FINANCIËLE RAPPORTAGE FUNDEREND ONDERWIJS. Utrecht, november 2014 FINANCIËLE RAPPORTAGE FUNDEREND ONDERWIJS 2014 Utrecht, november 2014 INHOUD Inleiding 5 1 Basisonderwijs en speciaal basisonderwijs 7 2 Expertisecentra 10 3 Voortgezet onderwijs 12 4 Samenwerkingsverbanden

Nadere informatie

Samengevoegd College Hageveld en Hageveld Beheer

Samengevoegd College Hageveld en Hageveld Beheer Jaarrekening Grondslagen Deze jaarrekening is in opdracht van het bestuur van de Stichting Hageveld Beheer en de Onderwijsstichting College Hageveld opgesteld door de Stichting Regionaal Onderwijsbureau

Nadere informatie

123WatEenSite C. van de PC Teststraat 1 3351 ZZ Alblasserdam

123WatEenSite C. van de PC Teststraat 1 3351 ZZ Alblasserdam C. van de PC Teststraat 1 3351 ZZ Alblasserdam INHOUDSOPGAVE Pagina Accountantsrapportage 3 Voorwoord 4 Resultaten 5 Financiële positie 7 Ondertekening van de accountantsrapportage 9 Jaarstukken 2008 Jaarrekening

Nadere informatie

Materiële vaste activa (1) Inventaris Vorderingen (2) Overige vorderingen Overlopende activa

Materiële vaste activa (1) Inventaris Vorderingen (2) Overige vorderingen Overlopende activa JAARREKENING Balans per 31 december 2015 Winst-en-verliesrekening over 2015 Kasstroomoverzicht 2015 Grondslagen voor waardering en resultaatbepaling Toelichting op de balans per 31 december 2015 Toelichting

Nadere informatie

BALANS PER 31 DECEMBER 2013 (na verwerking resultaatbestemming)

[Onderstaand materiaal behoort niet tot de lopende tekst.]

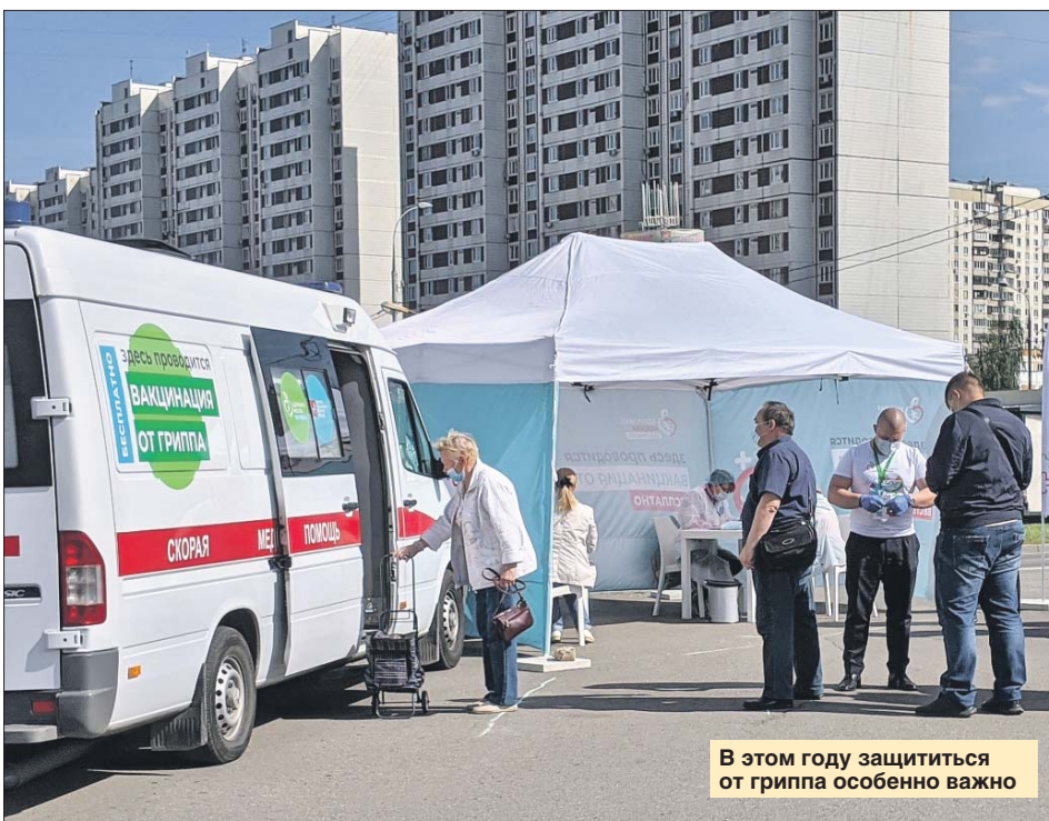
В этом году защититься от гриппа особенно важно

Для удобства жителей в этом году она пройдёт на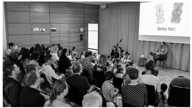
Die erste Durchführung der Kirche Kunterbunt war ein voller Erfolg – mit viel Kreativität, Gemeinschaft und kunterbunten Aktivitäten für Gross und Klein.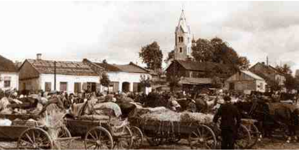
ה'רינק' של ווייז'בניק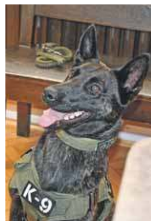
Psia gwiazda nocy sądów

Dzieci musiały znaleźć pomieszczenia, w których były togi i zdobyć 6 pieczętek. Dzięki temu zdobywały hasło, co razem upoważniało je do odbioru nagrody.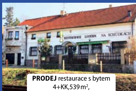
PRODEJ restaurace s bytem 4+KK, 539 m 2 , Dobřichovice Praha-západ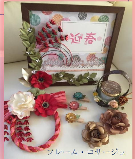
フレーム・コサージュ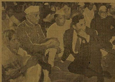
நேருவுக்குப் பக்கத்தில் நாகபுரி காங்கிரஸ் மேம்பட்டிருப்பது சூட்டோவல்ல; பிரபல கதாநாயகர் தேவ் ஆனந்த்!

நமது மாநிலத்தைத்தான் எடுத்துக் கொள்வோமே; பட உலக நிகழ்ச்சிகளிலே அதிகம் கலந்து கொள்வோர் யார்?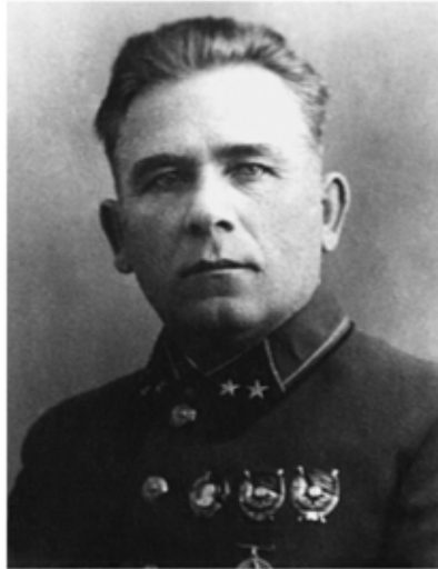
П. Г. Понеделін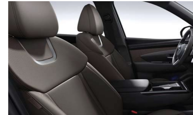
Cuero de color marrón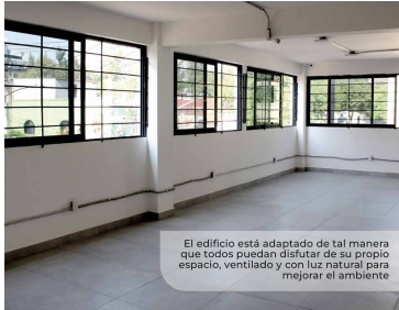
El edificio está adaptado de tal manera que todos puedan disfrutar de su propio espacio, ventilado y con luz natural para mejorar el ambiente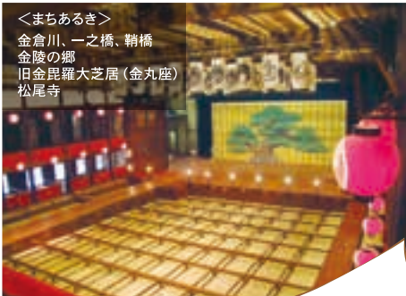
旧金毘羅大芝居(金丸座)

<まちあるき> 金倉川、一之橋、鞆橋 金陵の郷 旧金毘羅大芝居(金丸座) 松尾寺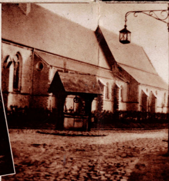
SAINT-TROND. — Vieux puits du Béguinage.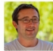
Tudor Giurgiu Regisor, Scenarist, Producator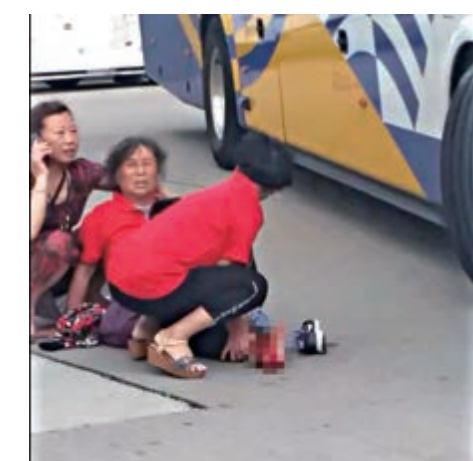
▲六旬女遊客被收掣不及的旅巴前輾過右腳腳掌，地上留有大攤血漬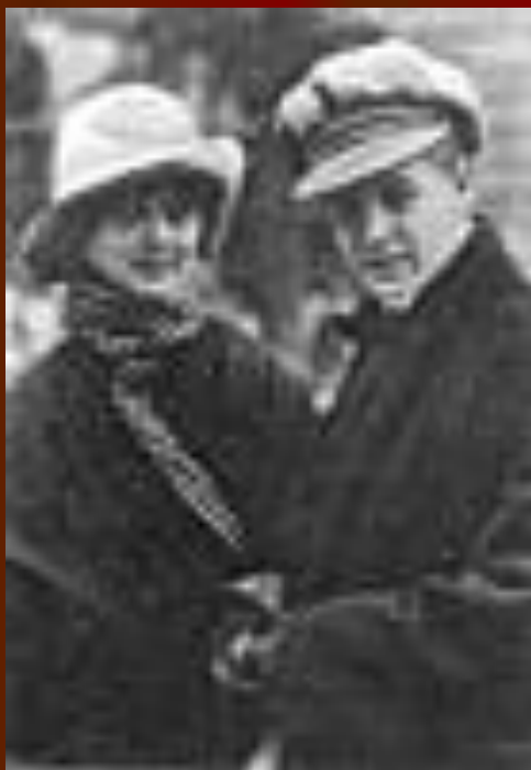
С.А. Есенин, Айседора Дункан. 1922.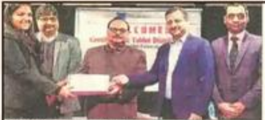
दण्डित में टेकलेट वितरण करती एडीएम सिटी।

Participating Students: MBA-C First Year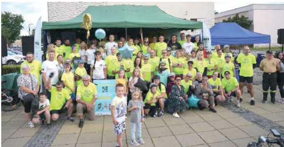
W minioną sobotę odbyło się świętowanie tytułu najlepszych!

Tegoroczna edycja RSP przyniosła wyjątkową dawkę adrenaliny, gdyż rywalizacja toczyła się aż na trzech płaszczyznach! Rowerzyści walczyli o zwycięstwo w osobnych kategoriach: dla dużych miast, dla mniejszych gmin, o zupełnie nowo wprowadzony Super Puchar RSP! W tej prestiżowej rywalizacji zmierzyły się dwa najbardziej utytułowane dotychczas miasta – Biała Podlaska i Nowa Sól, mające po trzy zwycięstwa w historii konkursu. Po zaciętej walce Najlepsza okazała się Biała Podlaska!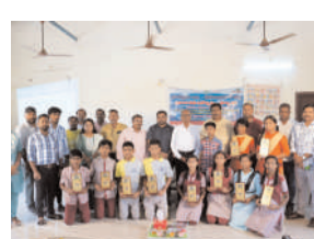
మహబూబాబాద్ జిల్లా కుర్ర మండల కేంద్రంలో భూగర్భ జలాలపై నిర్వహించిన వివిధ పోటీల్లో విజేతలకు బహుమతులు అందిస్తున్న స్థానిక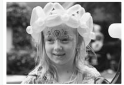
Strahlende Gesichter trotz sehr durchwachsenem Wetter beim Kinder-Straßenfest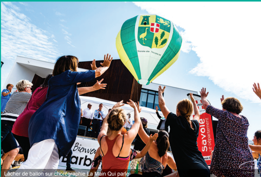
Lâcher de ballon sur chorégraphie La Main Qui parle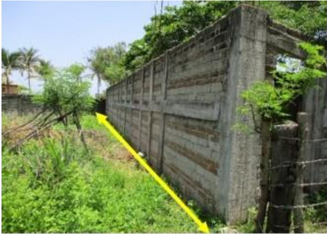
Lado sur mide – 23.90 Mts.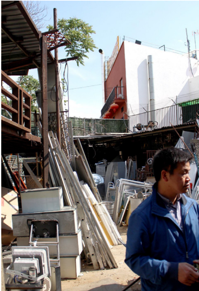
Figura 8. Transformación del barrio de Usera, Madrid.

personaje, en primer plano, queda desenfocado. El rojo de los farolillos y del edificio del mismo color atraen el ojo. El encuadre vertical, remarcado por las líneas verticales de las chimeneas, le da protagonismo al hombre que se dirige fuera de plano creando profundidad.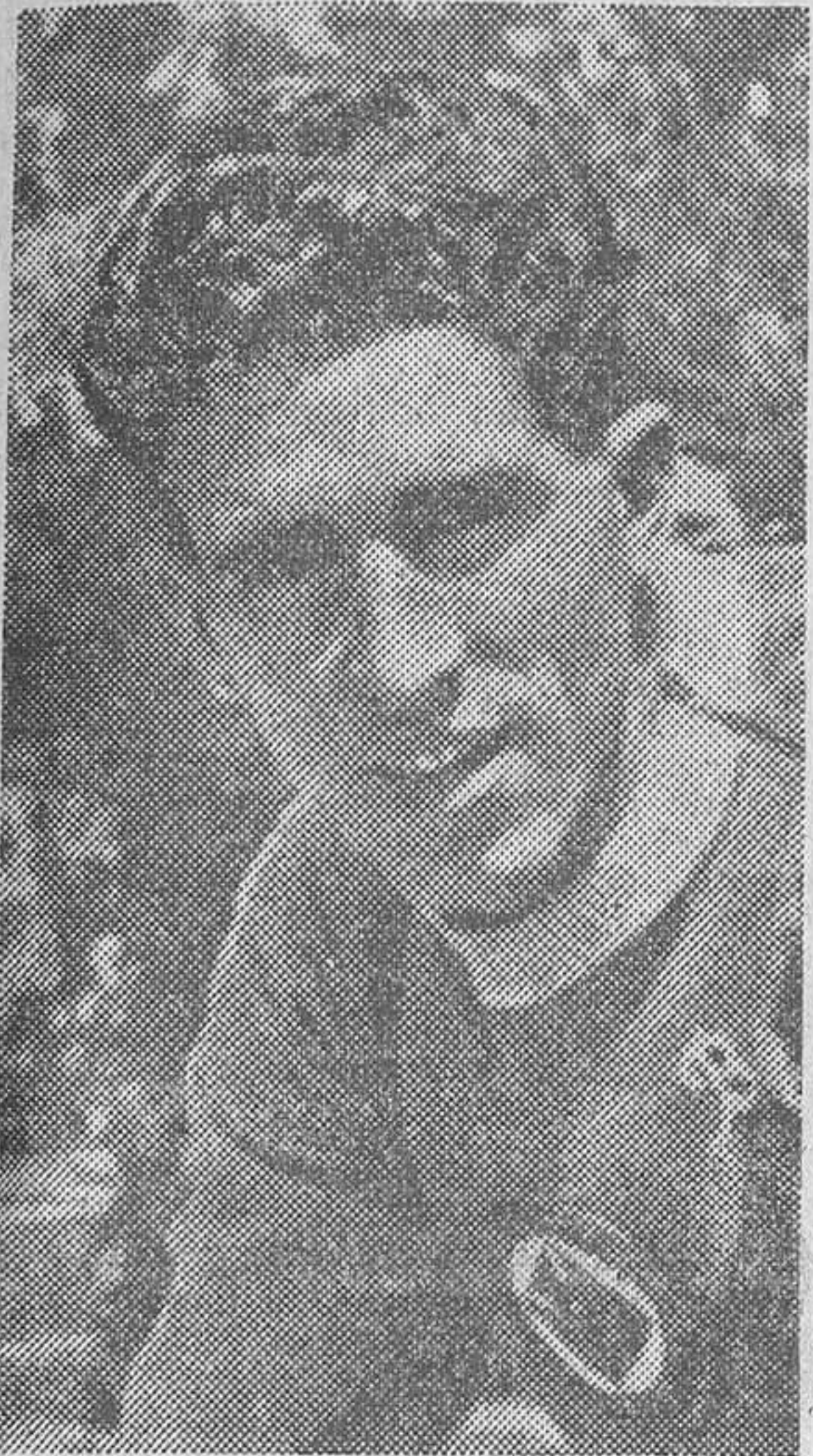
Bahamontes, español, clasificado como rey de la montaña

BALANS PER 31 DECEMBER 2013 (na verwerking resultaatbestemming) JAARREKENING 2013 BALANS PER 31 DECEMBER 2013 (na verwerking resultaatbestemming) 2013 2012 ACTIVA Vaste activa Materiële vaste activa 301.692 349.096 301.692 349.096 Vlottende activa Vorderingen 192.327

Nadere informatie

Jaarverslag. Wij staan graag tot uw dienst! Duurzaam ondernemen met hoofd en hart

Jaarverslag. Wij staan graag tot uw dienst! Duurzaam ondernemen met hoofd en hart Jaarverslag 2016 Wij staan graag tot uw dienst! Duurzaam ondernemen met hoofd en hart Financieel economisch verslag Voor de overzichtelijkheid zijn in het jaarverslag 2016 uitsluitend de kerncijfers en

Nadere informatie

Definitie: Eigen vermogen gedeeld door het vreemde vermogen.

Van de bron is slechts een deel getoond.